◆ Exercise goal
Copy the first line of the entries below and every line after it through the line containing "3、获得宝可梦之后,出门向右". Do not include pictures.

##############################

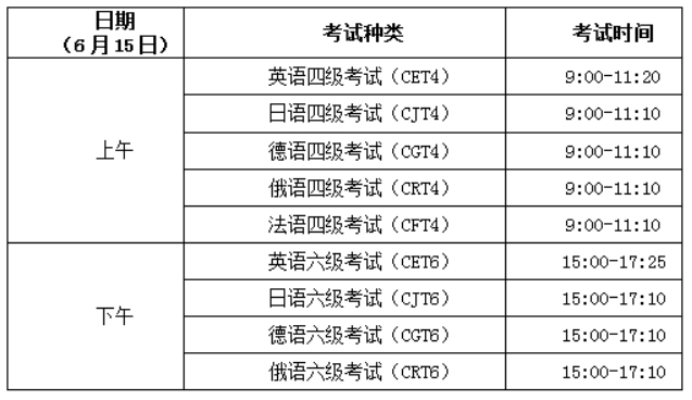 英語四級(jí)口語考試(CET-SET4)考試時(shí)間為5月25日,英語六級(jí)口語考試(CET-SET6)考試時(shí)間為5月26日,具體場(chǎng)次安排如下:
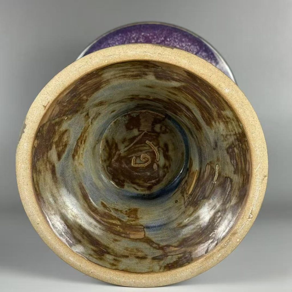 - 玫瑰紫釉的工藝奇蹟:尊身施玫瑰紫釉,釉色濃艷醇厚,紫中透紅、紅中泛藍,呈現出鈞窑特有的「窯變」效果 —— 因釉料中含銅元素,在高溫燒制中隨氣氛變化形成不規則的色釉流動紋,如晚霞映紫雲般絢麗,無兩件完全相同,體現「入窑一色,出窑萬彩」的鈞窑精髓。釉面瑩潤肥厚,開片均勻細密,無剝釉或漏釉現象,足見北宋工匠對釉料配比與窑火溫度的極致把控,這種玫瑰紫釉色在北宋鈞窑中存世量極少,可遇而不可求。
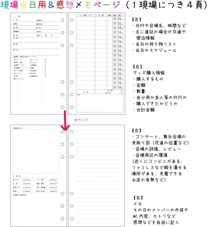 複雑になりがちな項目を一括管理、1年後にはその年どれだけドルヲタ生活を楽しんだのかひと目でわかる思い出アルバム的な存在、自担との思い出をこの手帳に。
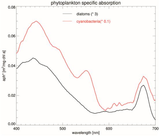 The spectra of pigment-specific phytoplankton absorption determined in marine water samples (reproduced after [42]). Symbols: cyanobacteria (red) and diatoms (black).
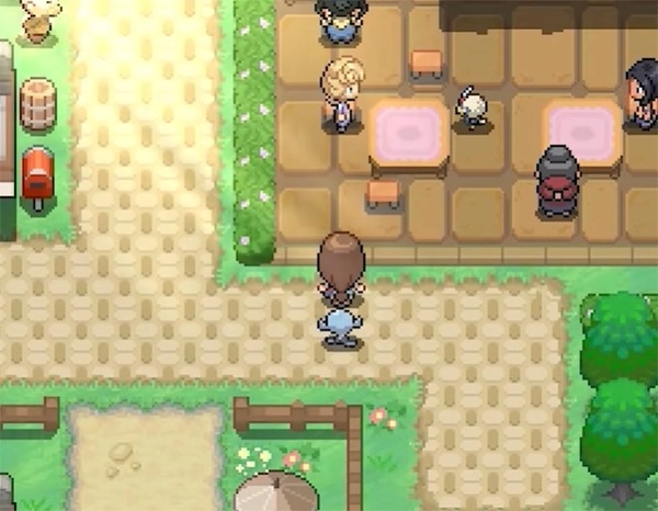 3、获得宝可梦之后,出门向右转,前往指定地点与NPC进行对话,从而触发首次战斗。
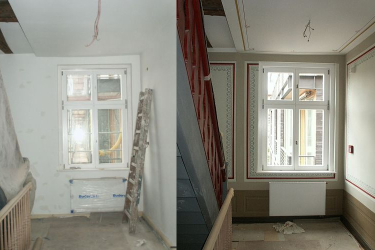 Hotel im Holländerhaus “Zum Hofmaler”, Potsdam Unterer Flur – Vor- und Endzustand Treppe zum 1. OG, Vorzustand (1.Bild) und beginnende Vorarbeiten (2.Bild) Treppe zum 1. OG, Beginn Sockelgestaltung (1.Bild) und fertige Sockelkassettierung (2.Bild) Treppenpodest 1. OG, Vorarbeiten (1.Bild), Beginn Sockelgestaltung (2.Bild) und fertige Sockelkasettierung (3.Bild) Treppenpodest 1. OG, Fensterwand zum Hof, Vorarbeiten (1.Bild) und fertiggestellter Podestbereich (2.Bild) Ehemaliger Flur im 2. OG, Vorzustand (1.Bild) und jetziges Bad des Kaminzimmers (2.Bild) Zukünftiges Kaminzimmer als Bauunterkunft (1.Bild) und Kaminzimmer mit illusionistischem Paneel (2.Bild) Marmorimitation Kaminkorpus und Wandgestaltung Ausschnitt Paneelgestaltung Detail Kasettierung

##############################

◆ Result of the task
 英語四級(jí)口語考試(CET-SET4)考試時(shí)間為5月25日,英語六級(jí)口語考試(CET-SET6)考試時(shí)間為5月26日,具體場(chǎng)次安排如下:
 - 玫瑰紫釉的工藝奇蹟:尊身施玫瑰紫釉,釉色濃艷醇厚,紫中透紅、紅中泛藍,呈現出鈞窑特有的「窯變」效果 —— 因釉料中含銅元素,在高溫燒制中隨氣氛變化形成不規則的色釉流動紋,如晚霞映紫雲般絢麗,無兩件完全相同,體現「入窑一色,出窑萬彩」的鈞窑精髓。釉面瑩潤肥厚,開片均勻細密,無剝釉或漏釉現象,足見北宋工匠對釉料配比與窑火溫度的極致把控,這種玫瑰紫釉色在北宋鈞窑中存世量極少,可遇而不可求。
 複雑になりがちな項目を一括管理、1年後にはその年どれだけドルヲタ生活を楽しんだのかひと目でわかる思い出アルバム的な存在、自担との思い出をこの手帳に。
 The spectra of pigment-specific phytoplankton absorption determined in marine water samples (reproduced after [42]). Symbols: cyanobacteria (red) and diatoms (black).
 3、获得宝可梦之后,出门向右转,前往指定地点与NPC进行对话,从而触发首次战斗。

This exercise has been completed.